Dataset excerpts
++++++++

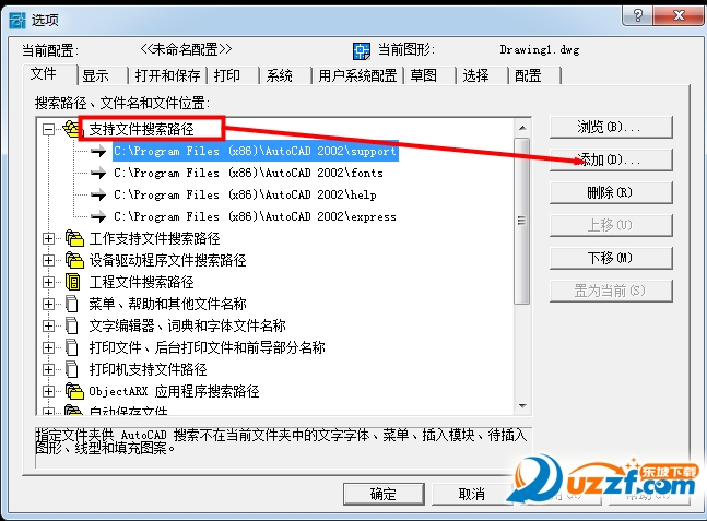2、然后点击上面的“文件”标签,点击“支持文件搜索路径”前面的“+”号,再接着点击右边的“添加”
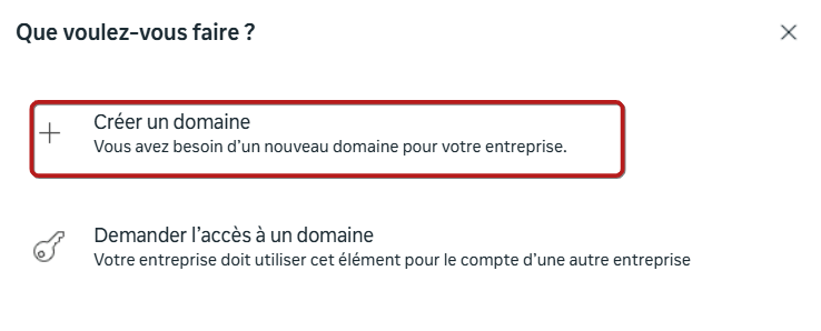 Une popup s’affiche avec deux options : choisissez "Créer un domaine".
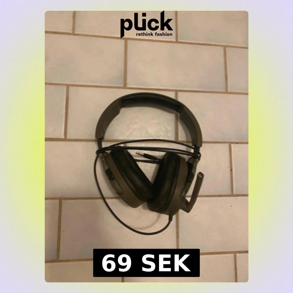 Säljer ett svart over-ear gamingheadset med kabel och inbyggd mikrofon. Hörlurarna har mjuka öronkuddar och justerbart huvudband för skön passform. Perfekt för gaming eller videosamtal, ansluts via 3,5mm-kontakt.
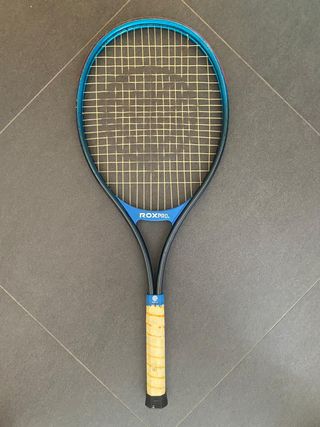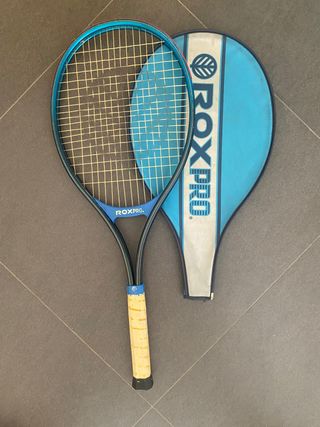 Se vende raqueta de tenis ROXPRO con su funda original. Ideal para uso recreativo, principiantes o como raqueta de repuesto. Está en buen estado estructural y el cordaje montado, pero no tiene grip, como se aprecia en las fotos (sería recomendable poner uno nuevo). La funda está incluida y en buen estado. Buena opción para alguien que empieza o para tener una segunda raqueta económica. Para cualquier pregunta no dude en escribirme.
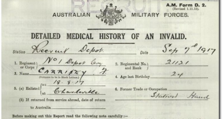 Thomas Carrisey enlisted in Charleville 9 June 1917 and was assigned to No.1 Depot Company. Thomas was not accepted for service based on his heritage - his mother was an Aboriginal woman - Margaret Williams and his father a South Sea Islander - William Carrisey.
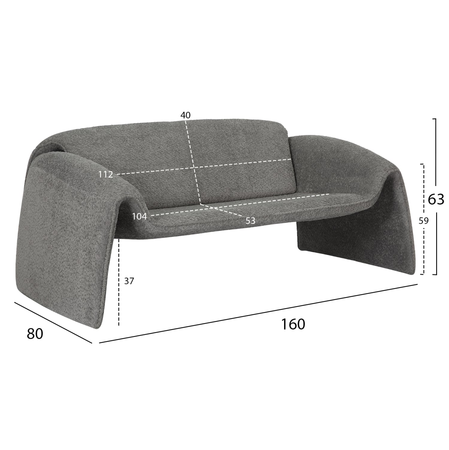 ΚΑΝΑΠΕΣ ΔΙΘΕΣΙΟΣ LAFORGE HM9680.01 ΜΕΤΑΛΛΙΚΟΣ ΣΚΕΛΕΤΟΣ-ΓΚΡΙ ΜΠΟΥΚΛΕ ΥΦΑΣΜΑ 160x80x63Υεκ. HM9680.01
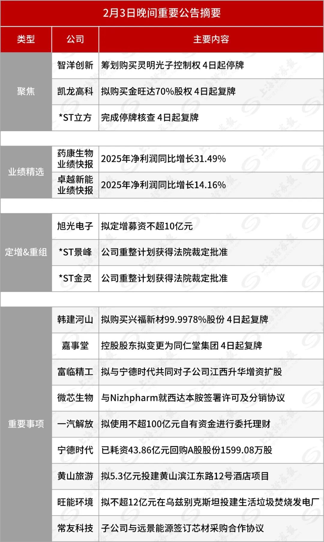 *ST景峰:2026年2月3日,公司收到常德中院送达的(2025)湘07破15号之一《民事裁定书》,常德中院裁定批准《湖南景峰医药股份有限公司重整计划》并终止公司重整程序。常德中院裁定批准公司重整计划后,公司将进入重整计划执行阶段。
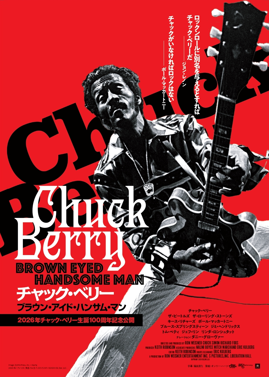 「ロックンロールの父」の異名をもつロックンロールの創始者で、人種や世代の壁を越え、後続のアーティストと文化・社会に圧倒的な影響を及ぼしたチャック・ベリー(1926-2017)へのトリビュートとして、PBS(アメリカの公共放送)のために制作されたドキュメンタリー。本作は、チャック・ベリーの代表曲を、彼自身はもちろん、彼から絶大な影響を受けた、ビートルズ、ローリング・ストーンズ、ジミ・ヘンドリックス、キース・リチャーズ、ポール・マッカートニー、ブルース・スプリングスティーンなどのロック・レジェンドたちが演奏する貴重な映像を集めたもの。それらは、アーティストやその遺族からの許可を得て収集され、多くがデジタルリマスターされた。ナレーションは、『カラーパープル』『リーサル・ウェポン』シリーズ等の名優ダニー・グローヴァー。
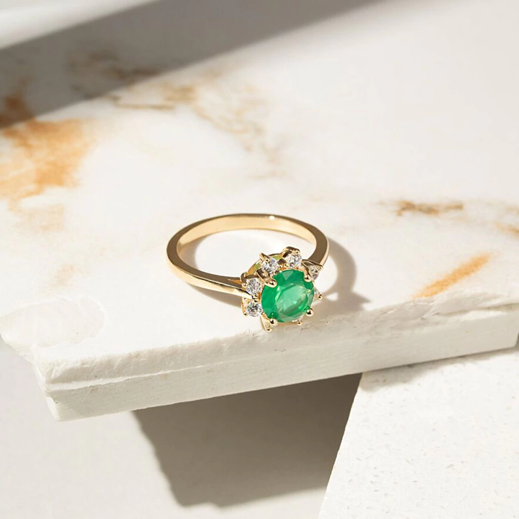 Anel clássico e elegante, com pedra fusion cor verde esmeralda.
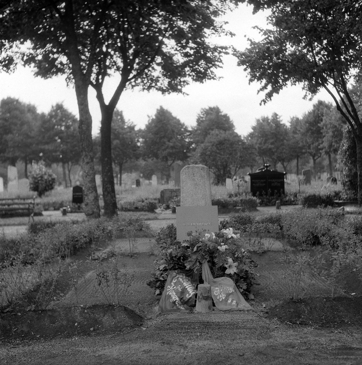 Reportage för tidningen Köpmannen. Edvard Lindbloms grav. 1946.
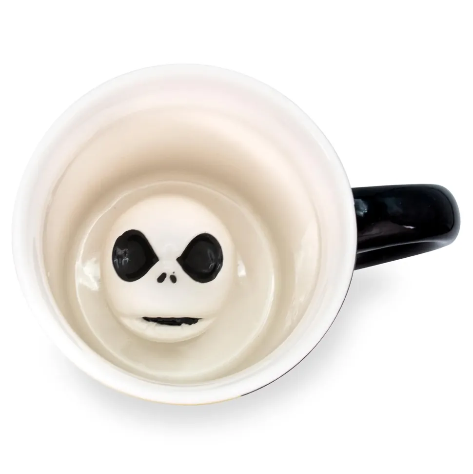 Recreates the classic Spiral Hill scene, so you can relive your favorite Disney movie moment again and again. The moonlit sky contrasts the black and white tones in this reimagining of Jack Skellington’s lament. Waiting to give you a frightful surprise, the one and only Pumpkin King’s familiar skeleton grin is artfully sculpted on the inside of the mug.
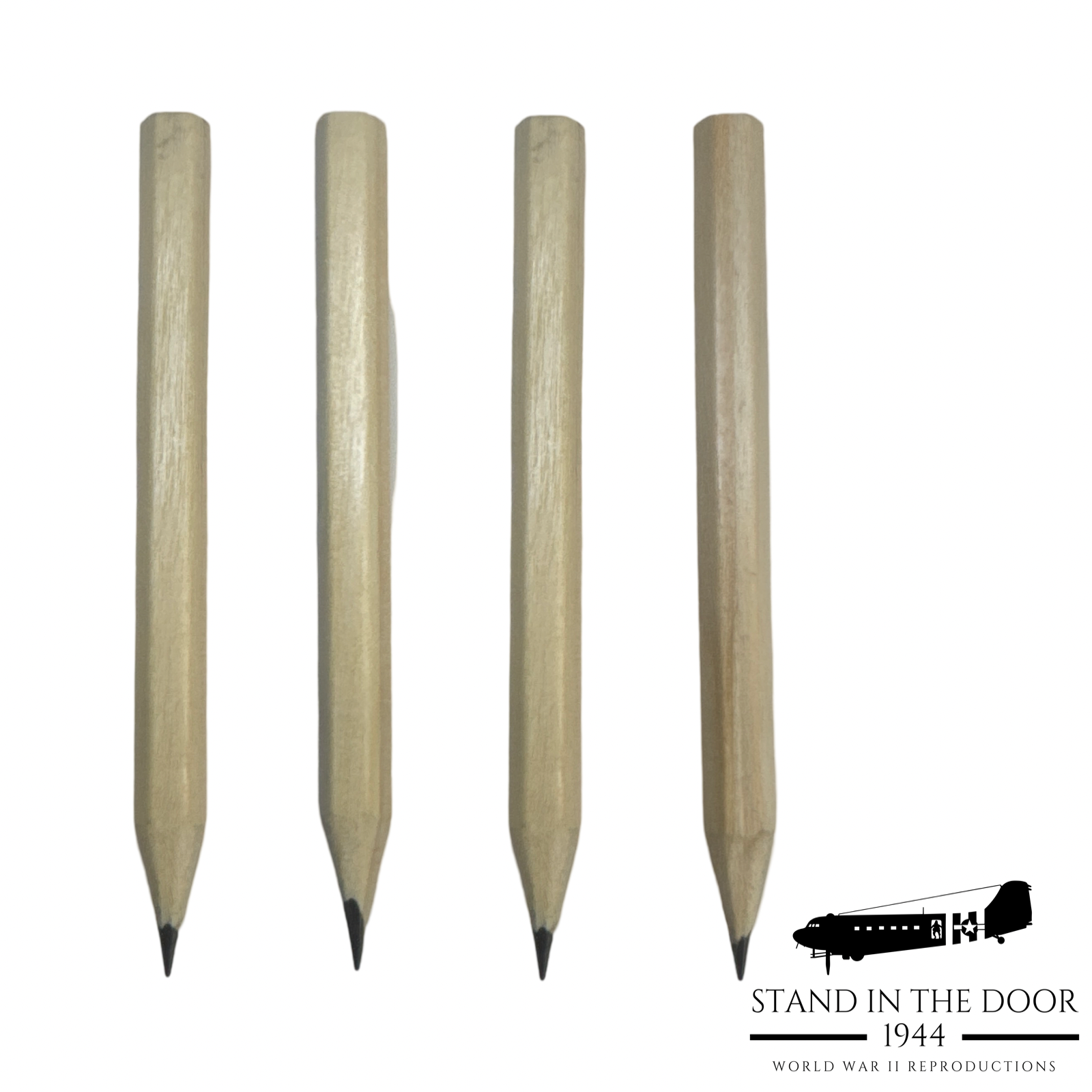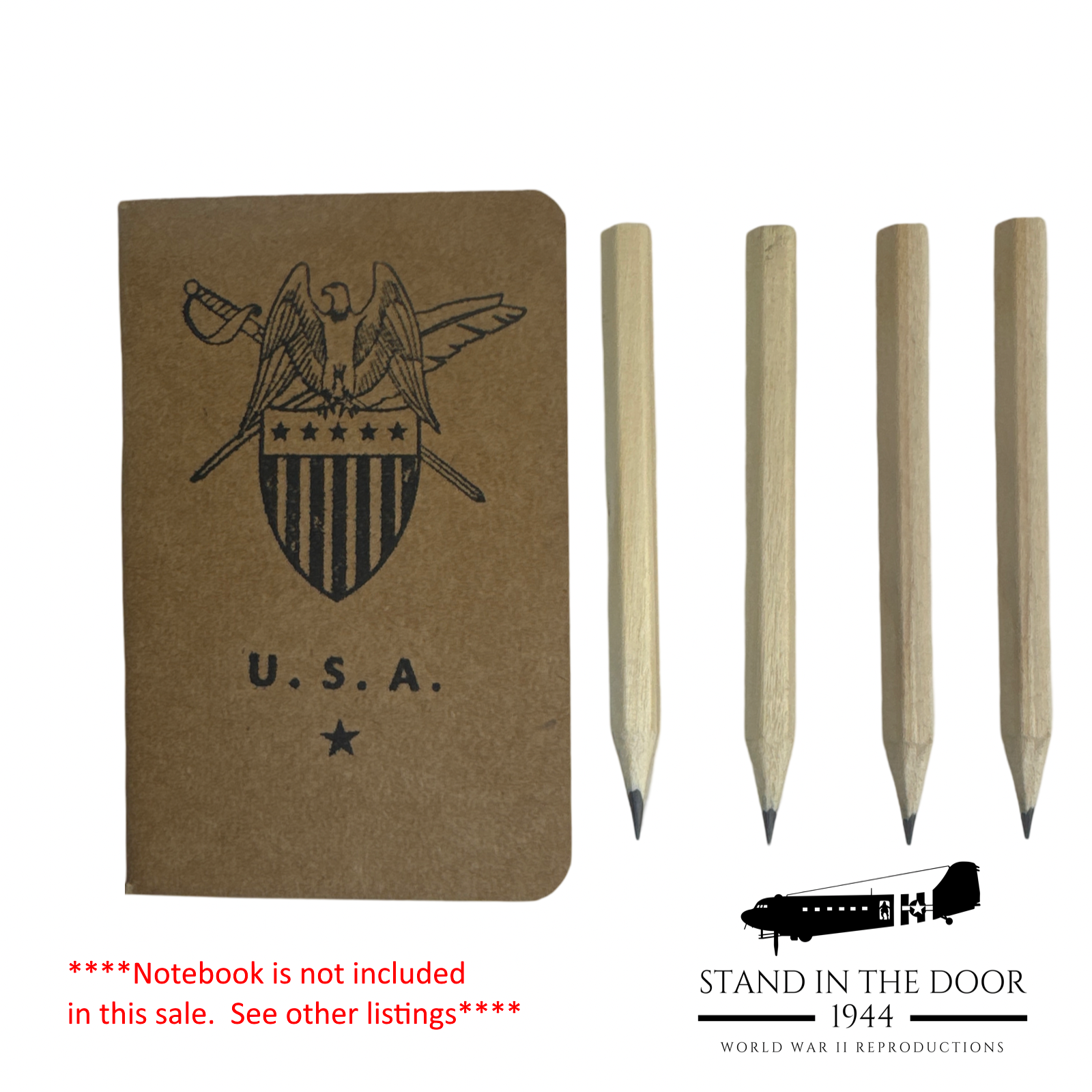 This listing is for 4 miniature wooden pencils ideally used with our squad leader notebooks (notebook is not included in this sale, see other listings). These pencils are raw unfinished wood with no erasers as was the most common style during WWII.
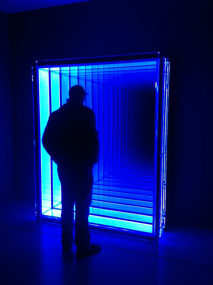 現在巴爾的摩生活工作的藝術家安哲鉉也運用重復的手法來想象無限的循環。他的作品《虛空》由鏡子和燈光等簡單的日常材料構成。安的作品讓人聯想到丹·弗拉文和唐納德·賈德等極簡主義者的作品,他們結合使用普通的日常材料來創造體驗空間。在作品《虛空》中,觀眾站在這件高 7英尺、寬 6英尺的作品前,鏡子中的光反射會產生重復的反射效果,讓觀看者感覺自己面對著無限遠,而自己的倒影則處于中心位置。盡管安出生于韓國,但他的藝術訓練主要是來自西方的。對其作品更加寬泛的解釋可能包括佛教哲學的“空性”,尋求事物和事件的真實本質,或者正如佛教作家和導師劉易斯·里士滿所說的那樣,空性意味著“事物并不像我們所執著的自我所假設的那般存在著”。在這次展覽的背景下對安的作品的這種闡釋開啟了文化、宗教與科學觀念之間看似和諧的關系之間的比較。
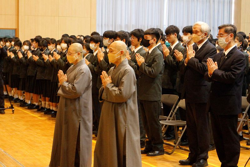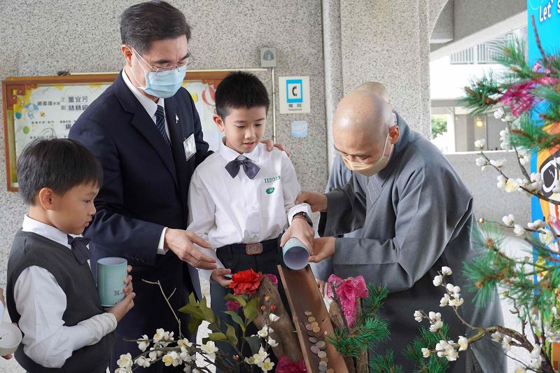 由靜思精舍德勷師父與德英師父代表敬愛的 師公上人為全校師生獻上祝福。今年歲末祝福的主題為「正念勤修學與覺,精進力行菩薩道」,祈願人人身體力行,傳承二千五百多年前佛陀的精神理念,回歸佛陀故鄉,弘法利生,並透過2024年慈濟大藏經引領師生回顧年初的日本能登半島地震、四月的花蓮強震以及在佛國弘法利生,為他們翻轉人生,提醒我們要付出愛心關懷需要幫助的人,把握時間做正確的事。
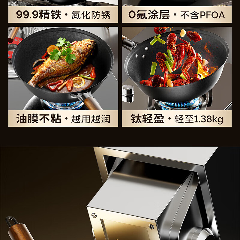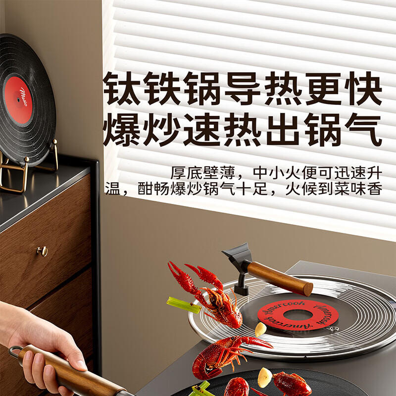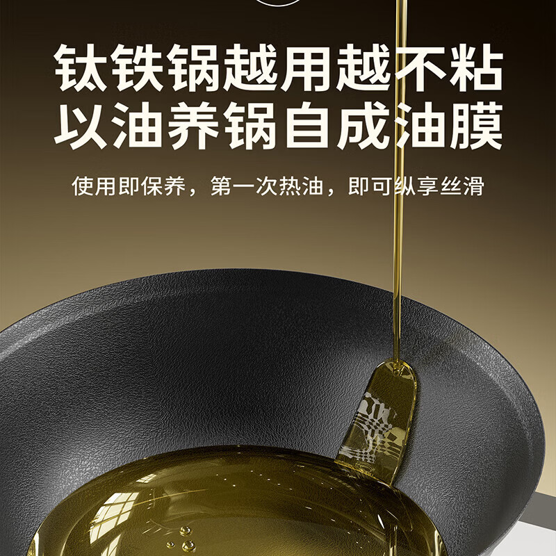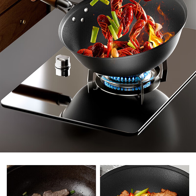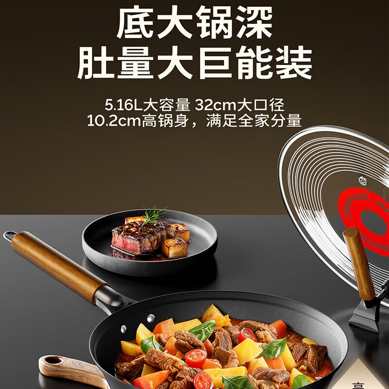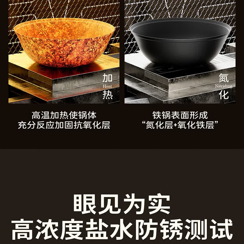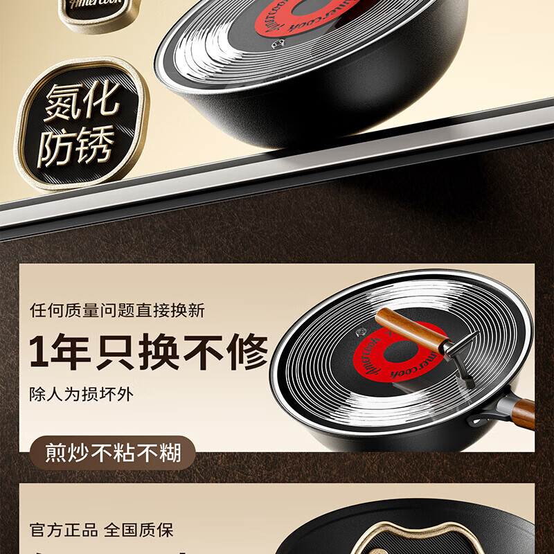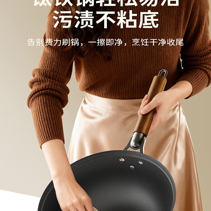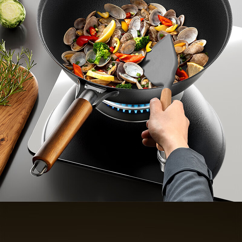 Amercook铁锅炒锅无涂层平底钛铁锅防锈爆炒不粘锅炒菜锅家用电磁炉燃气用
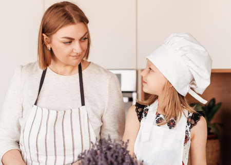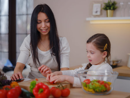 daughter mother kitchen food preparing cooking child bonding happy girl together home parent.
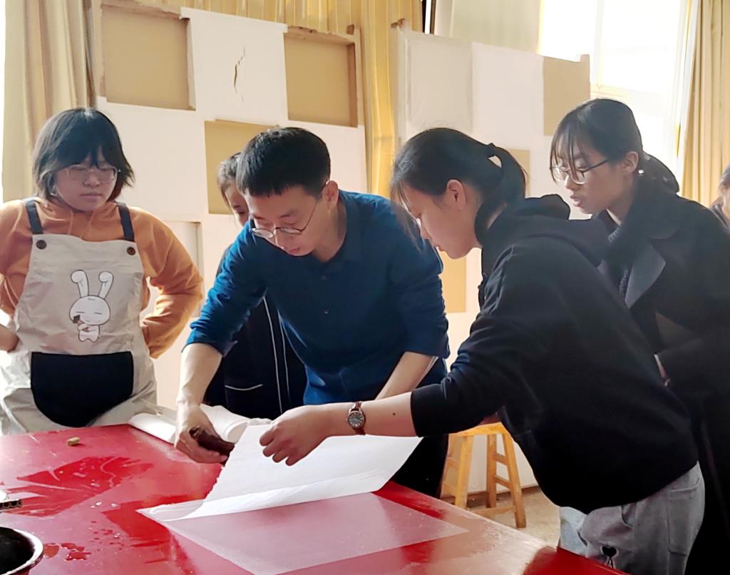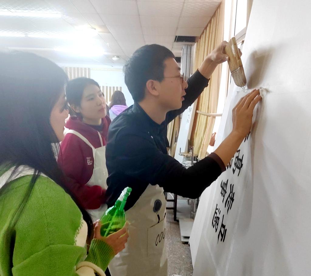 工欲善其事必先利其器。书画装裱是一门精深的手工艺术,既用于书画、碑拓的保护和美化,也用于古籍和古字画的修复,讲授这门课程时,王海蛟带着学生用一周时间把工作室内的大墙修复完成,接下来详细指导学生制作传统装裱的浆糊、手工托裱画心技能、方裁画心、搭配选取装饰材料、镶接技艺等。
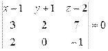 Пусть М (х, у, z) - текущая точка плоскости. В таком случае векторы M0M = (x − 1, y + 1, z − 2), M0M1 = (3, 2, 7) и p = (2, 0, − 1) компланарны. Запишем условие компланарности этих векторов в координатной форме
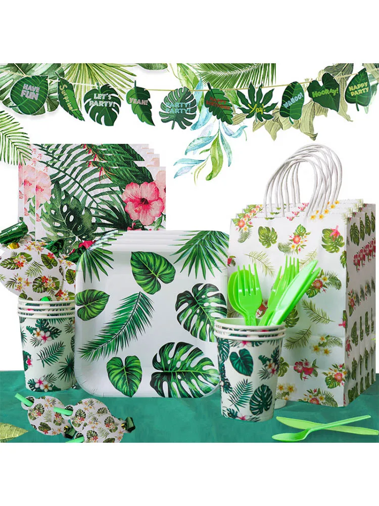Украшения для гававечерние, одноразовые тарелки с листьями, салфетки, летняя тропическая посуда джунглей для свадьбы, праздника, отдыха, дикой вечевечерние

++++++++

What you need to do
Write out, word for word, the stretch of entries that begins at the line with "Anel clássico e" and ends at the line with "This listing is". Pictures do not belong in it.

Written solution
 Anel clássico e elegante, com pedra fusion cor verde esmeralda.
 Reportage för tidningen Köpmannen. Edvard Lindbloms grav. 1946.
 Recreates the classic Spiral Hill scene, so you can relive your favorite Disney movie moment again and again. The moonlit sky contrasts the black and white tones in this reimagining of Jack Skellington’s lament. Waiting to give you a frightful surprise, the one and only Pumpkin King’s familiar skeleton grin is artfully sculpted on the inside of the mug.
 This listing is for 4 miniature wooden pencils ideally used with our squad leader notebooks (notebook is not included in this sale, see other listings). These pencils are raw unfinished wood with no erasers as was the most common style during WWII.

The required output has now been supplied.